Tom Seaver once said, “There’s only two places in this league: first place and no place.” He must have learned that from Craig.
Craig McKenna
Room 311
BECKLEY SCHOOL
TARRYTOWN, NEW YORK
The Day That Changed Our Lives started out completely normal. We overslept, we missed breakfast, and the Tuck Shop was out of everything except onion chips and chocolate sprinkles. Which was a good excuse to cut French.
So we climbed into the gym through an open window, stripped down to our toes, dunked each other in the pool, and cut Ancient History.
Then we went to the library and read the first part of Catcher in the Rye out loud in whispers. That took almost an hour and we were running late—so we cut English, grabbed my guitar, and headed for the woods where nobody could hear us. This is where Capitol’s next A&R megastar gave his only public performance—underneath an oak tree—to his best friend and two squirrels. Travis didn’t know I’d been practicing for three days just so I could surprise him with “Subterranean Homesick Blues,” “Blowin’ in the Wind,” and “Sweet Blindness”—and at first I couldn’t tell if he liked it or not. It was only after I’d finished “Light My Fire” that he sort of yelped and wrestled me to the ground (translation: he liked it). But I pinned him first. (Grin.)
After lunch—Ring Dings and Pepsi—we had Biology staring us in the face, so we decided to let Mr. King and his bryophytes wilt without us. Instead, we changed into our jocks and socks and hit the batting cage. Travis has a good eye and a pretty decent swing, but his stance sucks. I spent two hours positioning him and he still couldn’t get it right. What the hell. One athlete in the family is plenty. (Double grin.)
Then we took a quick shower, and while we were sitting around in our towels we calculated that by this time we’d broken roughly 61 percent of Beckley’s half a million rules. So we figured it was time to go for the gold. That meant getting dressed up in our blazers and ties, sneaking off campus by the service road, and catching the 5:24 into Manhattan. (Smerko’s done this so many times by himself whenever he’s gone AWOL to see Liza Minnelli or somebody else in a play, the conductors all know him by heart.)
At 6:18 on the nose, we hit Grand Central. We were 131 minutes away from the biggest thing that would ever happen to either one of us, but we didn’t know that yet. So we played tag on West 43rd Street and we snuck into a dirty bookstore on Eighth Avenue and then we got ticketed for jumping a subway turnstile at Lincoln Center by a cop with lousy handwriting whose name was either Victor or Viloy.
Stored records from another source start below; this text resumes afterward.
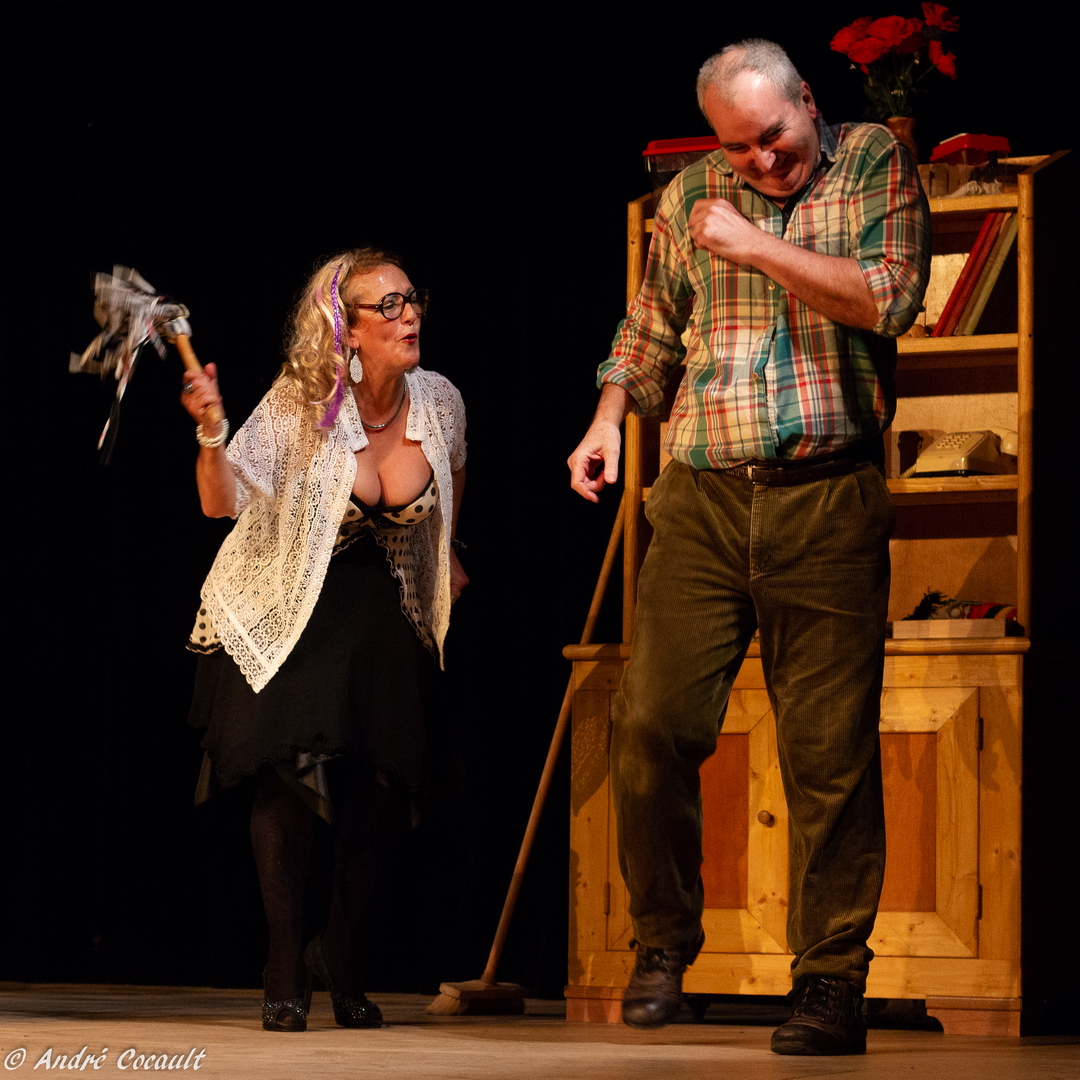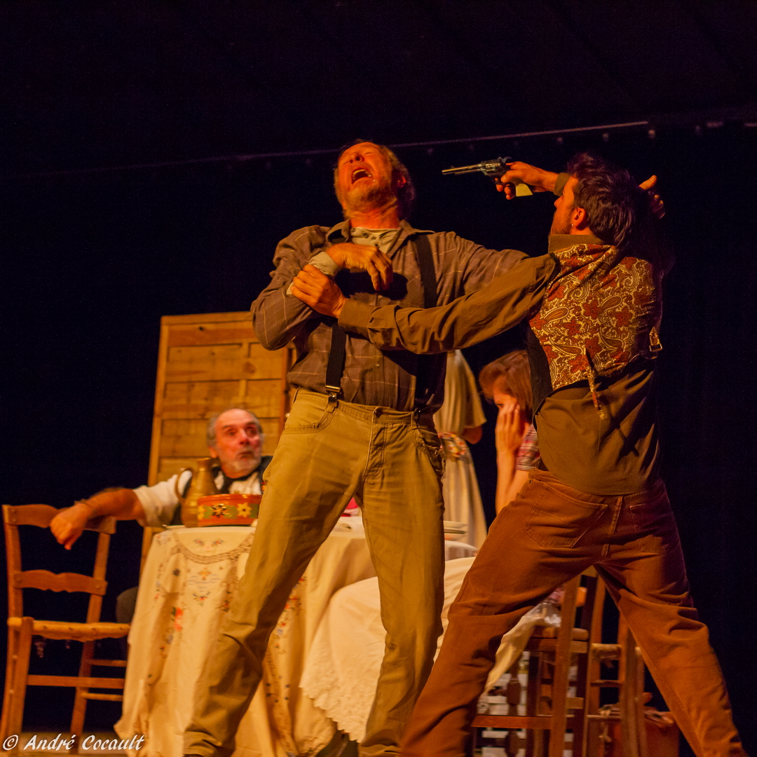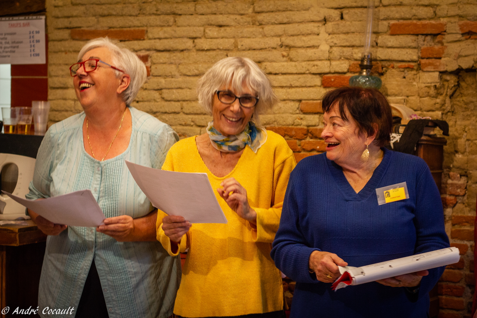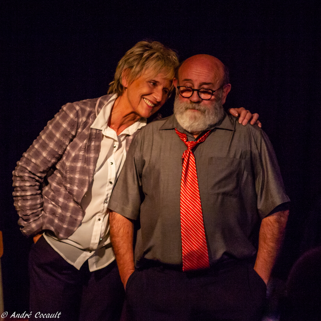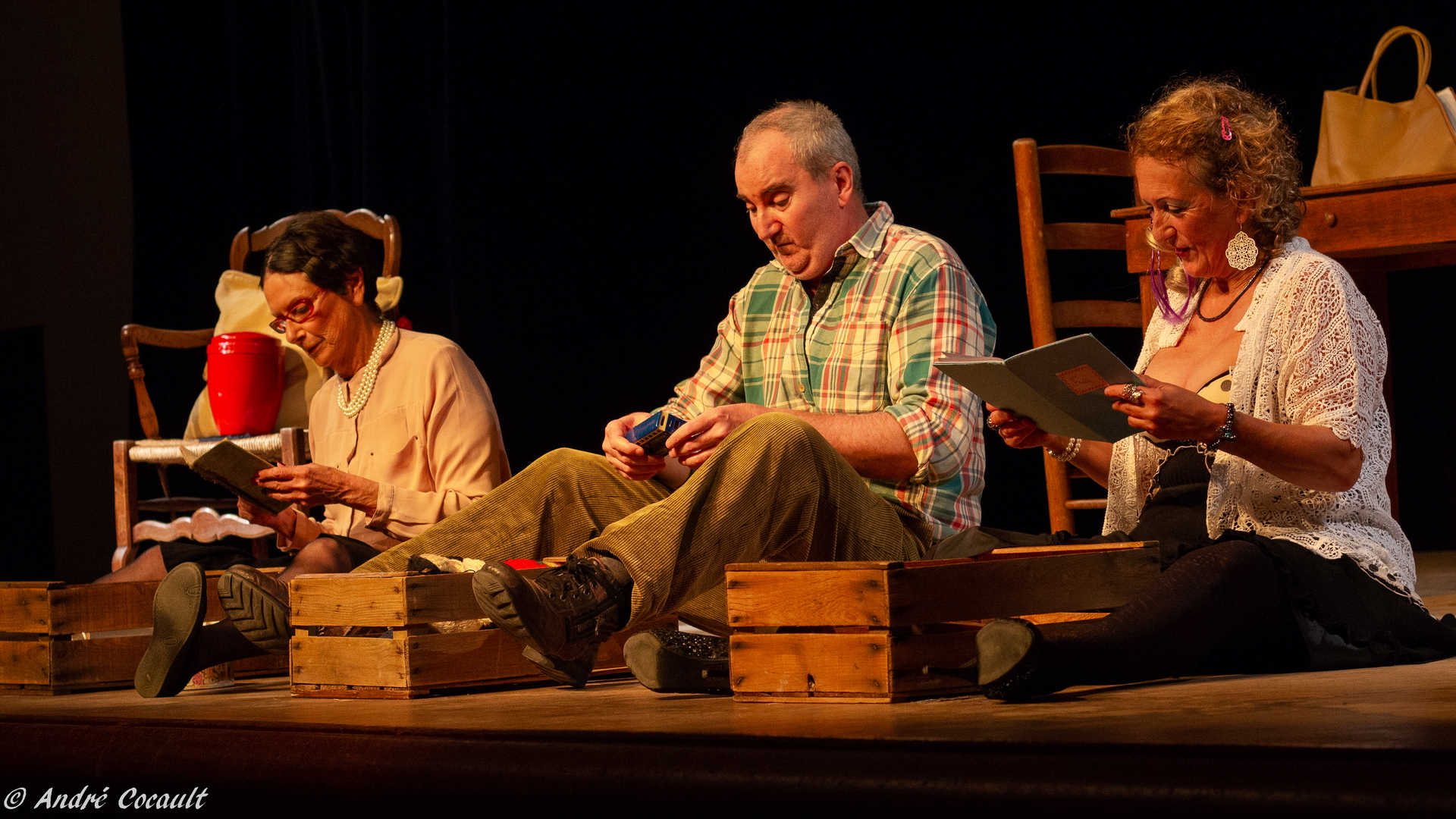 La lecture de textes contemporains, lors des intermèdes, par l’atelier lecture de la FNCTA a été un moment fort apprécié de tous, spectateurs et comédiens de même que l’intermède interprété par la Cie Acte d’eux sur le perron du centre culturel grâce à une météo clémente.
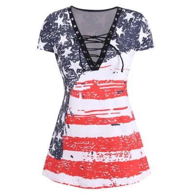 Be the first to review “American Flag Lace Up Plus Size T-shirt”
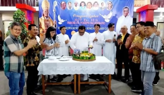PALEMBANG,KITAKATOLIK.COM—UMAT Paroki Santo Yoseph, Keuskupan Agung Palembang merayakan HUT ke 58 dengan Perayaan Ekaristi yang digelar pada Rabu (15/1/2025). Mengangkat tema “Sehati Sejiwa dalam Membangun Komunitas Basis”, Perayaan Ekaristi di gereja yang berlokasi di Jalan Jenderal Sudirman, Kota Palembang ini dipimpin oleh pastor Paroki Santo Yoseph, RD. Hyginus Gono Pratowo didampingi pastor rekan RD. Stefanus Surawan, RD. Yohanes Agung Apriyanto dan RD. Dionisius Anton Liberto.
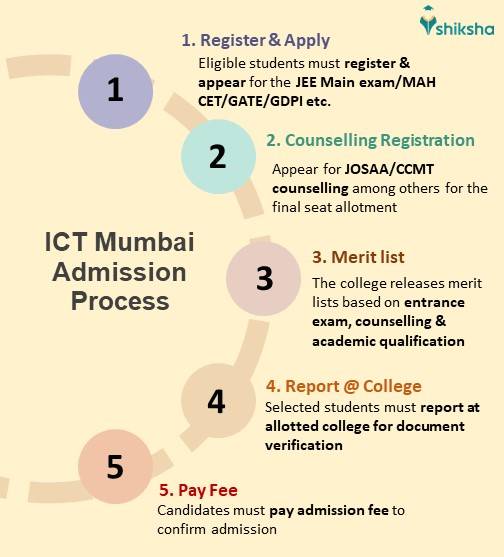 The admission process for ICT Mumbai is a multi-step process inclusive of application, appearance in the selection rounds and counselling process. A step-by-step ICT Mumbai admission process is as follows:
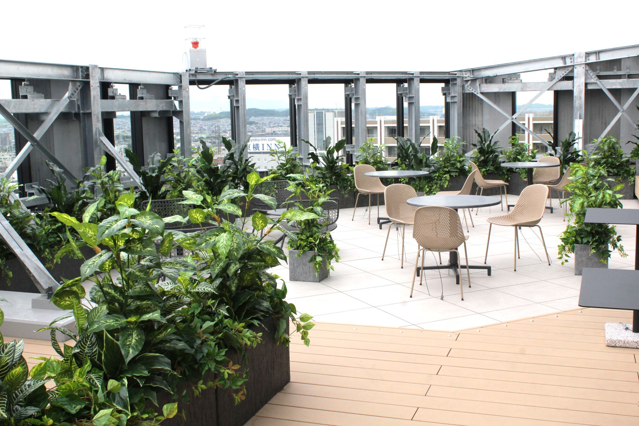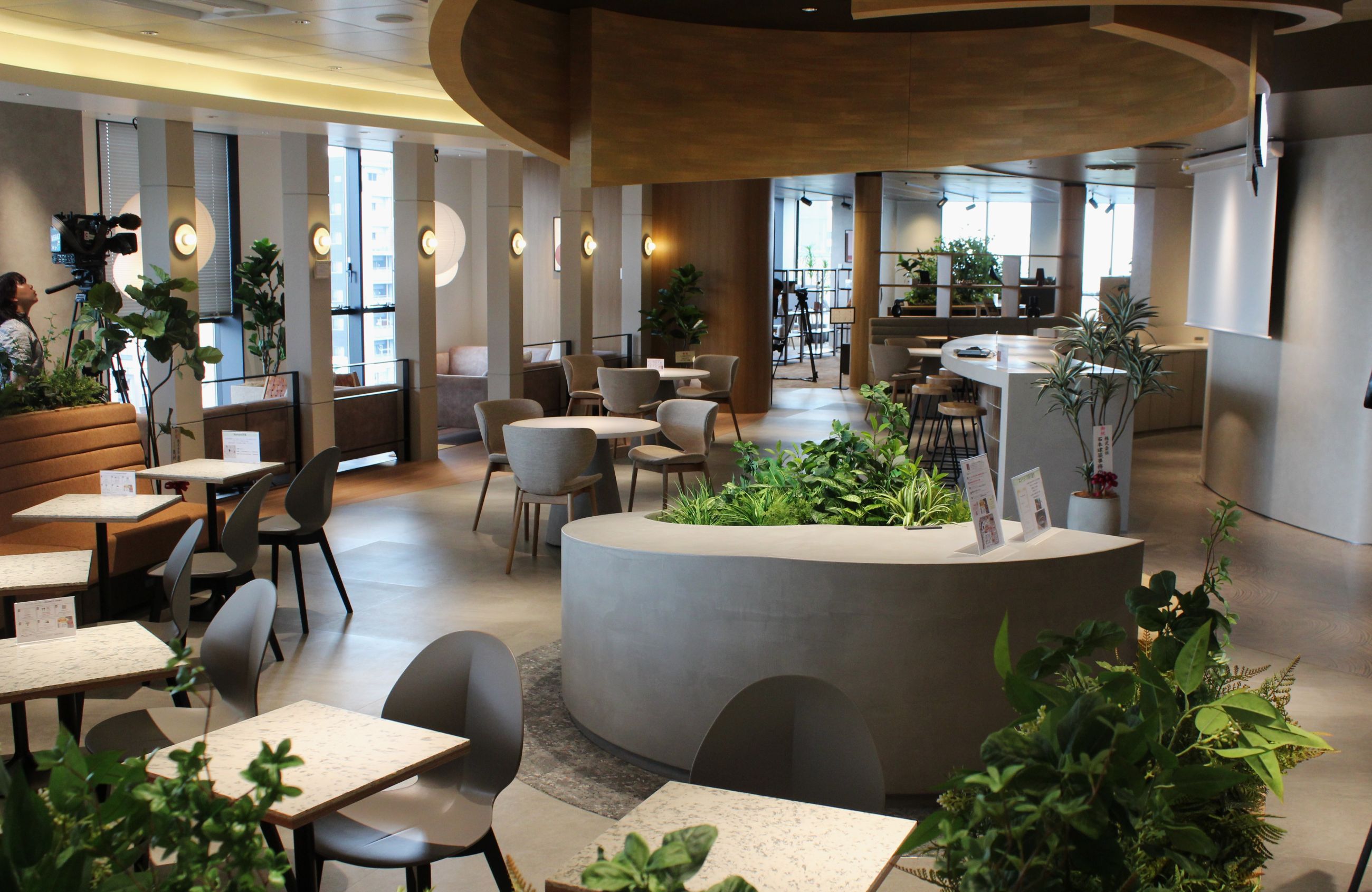 県内の新築テナントビルでは初めて、省エネの認証の「ZEB Ready」を取得しており、従来のざっと半分のエネルギーで運用できるビルになっているという。働く人の居心地のよさの取り組みで、三重県初の「CASBEEスマートウェルネスオフィス」の認証最高位のSランクを取得している。屋上にリフレッシュスペースとしての庭を設け、9階にはくつろぎの空間になるコミュニケーションラウンジを設けた。オフィスの利用者が仕事も休憩も充実して過ごせ、ラウンジでは利用者間の交流も生まれるような運用を心掛けるという。四日市の萬古焼を使ったオリジナルの照明、鳥羽市の海岸で回収された海洋プラスチックごみの再利用材を用いた什器を使っているという。
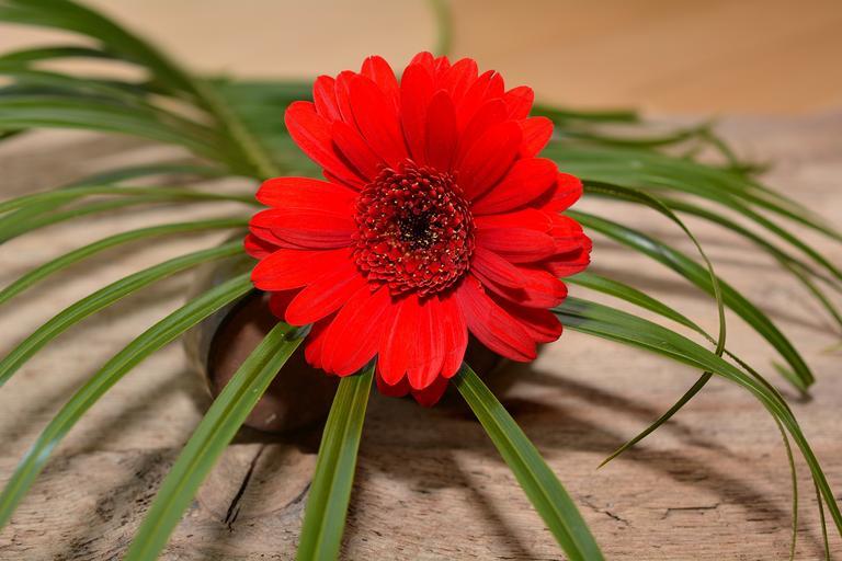 Keywords: gerbera flower blossom bloom grass red plant close schnittblume decoration

After that we started getting hungry for just about anything that didn’t have chocolate in it, so Travis picked Beefsteak Charlie’s because it was right across the street from the Winter Garden Theater (The Unsinkable Molly Brown in 1960, Funny Girl in 1964, and Mame in ’66 for anybody not in the know). We had to muscle our way through a couple hundred tourists
who all remembered at 7:55 that curtain time was 8:00, but we still managed to find ourselves a table in the corner where we could shut out the rest of the world. Who needed anybody else?
“I’ll tell you something, Viloy,” said Travis, halfway between the buffalo wings and the prime rib. “Carlton Fisk is overrated. I mean, if you put him up against Johnny Bench, he wouldn’t know what hit him.” Already my blood was heating up in 10-degree installments, and even though I wasn’t sure if anybody’d ever gotten slugged in Beefsteak Charlie’s before, Travis was bucking to be the first in line. Of course it was my own fault for giving him the Baseball Encyclopedia—but who expected him to memorize it? Then I noticed he was wearing his Heathcliff-and-Catherine face, where he’s trying to look serious but the corners of his mouth won’t stay all the way down.
“Are you saying this just to yank my chain or because you mean it?” I demanded. “And think carefully before you answer, because the ass you save may be your own.” Travis hesitated, then tossed in the towel and grinned.
“You’re so easy,” he said. Then all of a sudden, the fork with the baked potato on it stopped halfway to his teeth and his skin turned snow white.
“Oh my God,” he breathed, pointing over my shoulder across the emptied-out restaurant. “Viloy, look!” Not knowing whether he was putting me on again but falling for it anyway, I turned around and looked.